The third option offered by the letter of intent is to move the pipeline “to an alternative route that would avoid substantial adverse impacts to federally listed endangered species and the Edwards Aquifer.”
Kinder Morgan sent Community Impact Newspaper a written statement from Vice President of Public Affairs Allen Fore, responding to both the appeal of the first lawsuit and the filing of the letter of intent.
“We feel confident that the Travis County District Court ruled in accordance with settled law, and we continue to work with all stakeholders, including state and federal regulators, as we complete the Permian Highway Pipeline Project,” the statement reads. “We are also complying with all applicable laws related to endangered species along the pipeline route.”
A matter of process
The first lawsuit Hays County joined to challenge the Permian Highway Pipeline was essentially about public process and transparency, charging that when it came to the exercise of eminent domain by private pipeline companies, the “[Texas] Railroad Commission conducts no investigation, evaluates no alternative route, entertains no adversarial inquiry, provides no notice, allows no hearing, and considers no evidence.”
The second suit levels a similar challenge at federal agencies, should Kinder Morgan be allowed to proceed with only nationwide permits, stating the use of those permits is the company’s “effort to avoid fully analyzing the impacts of its project on the human and natural environment, disclosing those impacts to the public or to elected officials, or allowing any sort of public comment on the environmental effects of their project.”
In a third legal action related to the Permian Highway Pipeline, Kinder Morgan has sued the city of Kyle over a municipal ordinance that mandates additional steps from companies building pipelines in the city and the developers that build near them. The company charges that Kyle—which is a plaintiff of the eminent domain lawsuit—has overstepped its authority.
The difference between what is required of private companies and what is required of the government in terms of both the use of eminent domain and the evaluation of environmental impacts has been raised often by local elected officials and pipeline opponents.
“If the county were going to build a road along the route that they have chosen to build their pipeline we would be doing a more thorough environmental impact analysis,” Shell said.
By the end of the 60-day period after the letter of intent is filed, Smith said he hopes the federal agencies in charge of permitting and Kinder Morgan will have taken action to avoid a lawsuit.

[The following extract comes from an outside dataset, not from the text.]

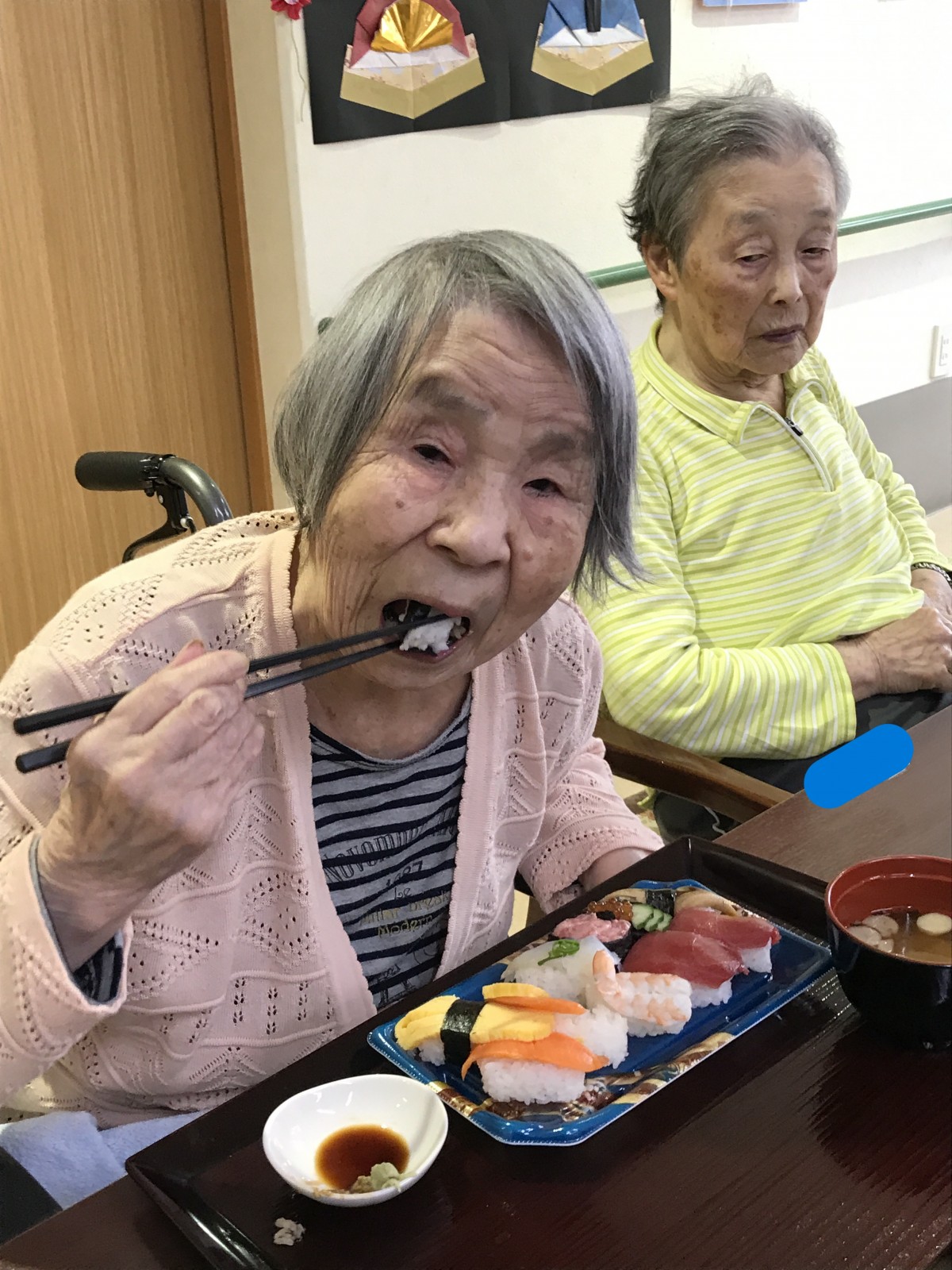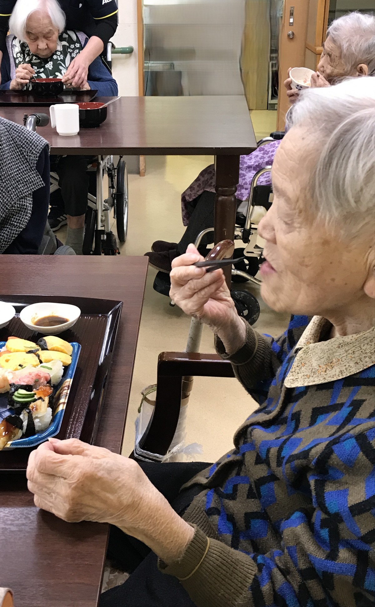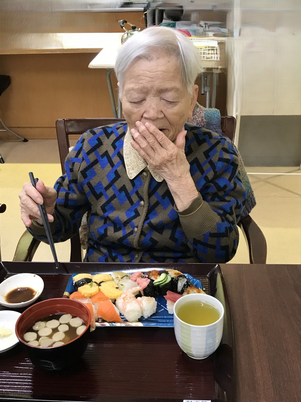 お誕生日会の日の昼食では お寿司をお召し上がりになりました

“Our hope would be that Kinder Morgan would have a conversation with the Fish & Wildlife Service and with the Corps and decide to do the sensible thing and get full coverage for their endangered species impacts,” he said.
If not, a second suit will ask that the private pipeline companies be required to complete a similar process as government agencies disrupting an endangered species’ habitat.
“Hays County is like, ’Hey, every time we do some sort of major infrastructure projects, we’re doing a very public review,” Smith said. “And so we think Kinder Morgan should too. As a matter of law, we agree.”